This somewhat geekier blog, shows how Sun Grid Engine, the leading world software managing cluster resources evolves in the future 6.2 Update 5 release to optimize the new multiple core CPUs ubiquitous in modern clusters. This step is necessary before the irreversible transition to cloud computing is fully completed. The complexities will be hidden from the end user, but they can explain how this software will work behind the scenes to assure the magic of an HPC cloud.
All features subject to change...
Features in both Sun Grid Engine 6.2 Update 5 and Open Source Grid Engine
F. Slot-wise preemption
D. More efficient and effective preemption
B. Preemption makes users unhappy. Therefore, it must be enforced only when absolutely necessary. The concept of the subordinate queue comes from the times when only one core CPU's were used in clusters. Rather then preempting the entire subordinated queue (Queue-wise subordination), Slot-wise subordination allows preempting individually jobs from a subordinated queue, minimizing the disruption of users work. The ability to more finely enforce subordination policies, results in a more efficient use of resources. It works well in conjunction with Topological Scheduling (see below) and thus contributes to higher throughputs.
F Array job throttling
D. Allow users to prevent large jobs from monopolizing a cluster
B. An SGE Array Job is a task that is to be run multiple times with a single command. This means EXACTLY the same task is going to be run multiple times, usually processing different data segments. The same task processing gets applied on different aspects of a problem. Array Job Throttling allows users to set a self-imposed limit with the maximum number of concurrent running job tasks. The array job may take some tolerable longer time to conclude, but this blocks out less resources for the array jobs and allows other jobs from the same user or other users to run sooner.
F. Topological scheduling
D. Performance optimization for multi-core processors, specifically on Nehalem
B. In the modern multi-core processing, each socket CPU and each core has execution units, cache, memory channels, I/O channels. Under NUMA (Non-Uniform Memory Access) a processor can access its own local memory faster than non-local memory, that is, memory local to another processor or memory shared between processors. Topological Scheduling allows to schedule jobs at core level or CPU level according to its unique needs. The use of Topological Scheduling has resulted in dramatic performance increases when tested at leading EDA customers.

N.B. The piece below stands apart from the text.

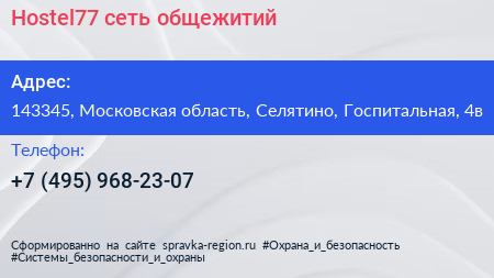 Hostel77, сеть общежитий по адресу 143345, Московская область, Селятино, Госпитальная, 4в в дальнейшем Организация, размещена в следующих категориях:
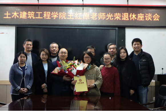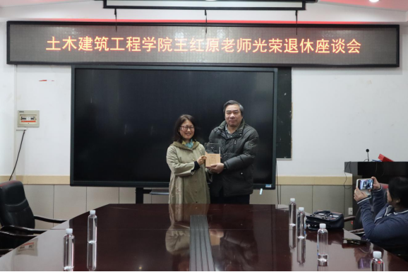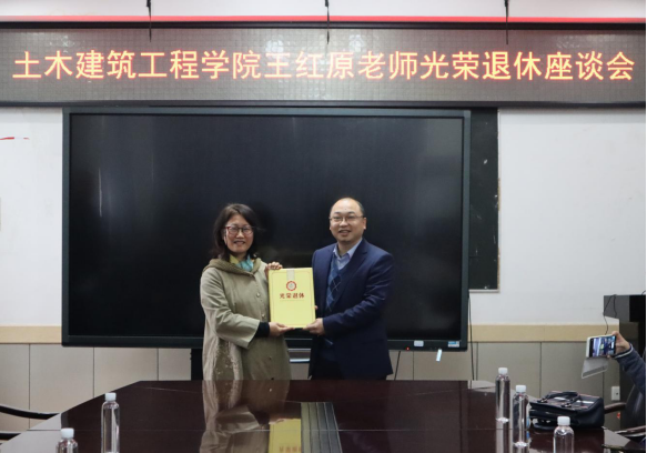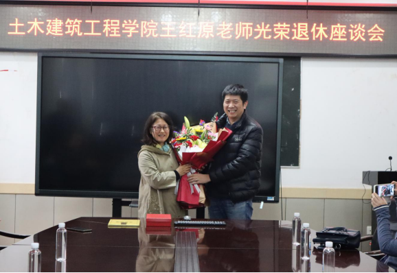 会议伊始,陈正书记、吴桂宁副经理先后向王红原老师颁发了光荣退休证书和纪念品,建筑规划系主任吴杰老师为王红原老师献上了祝福鲜花。

Unique Sun Grid Engine 6.2 Update 5 Features
F. Data-aware job scheduling
D. Send work to the data rather than vice versa, because the application performance is tied to data locality Update 5 allows Hadoop (also known as MapReduce) jobs to be run efficiently in an SGE cluster. Update 5 offers the groundwork for a future Oracle Coherence integration.
B. Sun Grid Engine will be making a best effort to schedule jobs to servers with fast data access. It will be made aware of data locality and of data needs of jobs and will place data dependent jobs correspondingly. The rest is then done by the data grid technology being used (Hadoop in Update 5, Oracle Coherence in a future release). These data grid technology usually are able to migrate data where needed. Data-aware scheduling will minimize the need for data migration thus resulting in dramatic throughput improvements.
F. Service Domain Manager Cloud Adapter
D. SDM Cloud adapter will support more use cases, especially if multiple OS versions are needed and thus multiple AMIs need to be managed.
B Increases the number of users who can take advantage of SGE connectivity with AWS EC2.
F. Power Saving
D. A Cloud Service adapter can be configured for power savings, based on SLOs for power savings. New commands such as "showCloudHosts", "startupCloudHosts" and "shutdownCloudHost" can used to create new power saving scripts.
B. Substantial savings in reducing the costs of the utilities bills and the ability of having a Green Data Center.
F. SGE Inspect improvements
D. Will support configuration of Sun Grid Engine Parallel Environments
B. More ease of use when managing parallel processing workloads with Sun Grid Engine.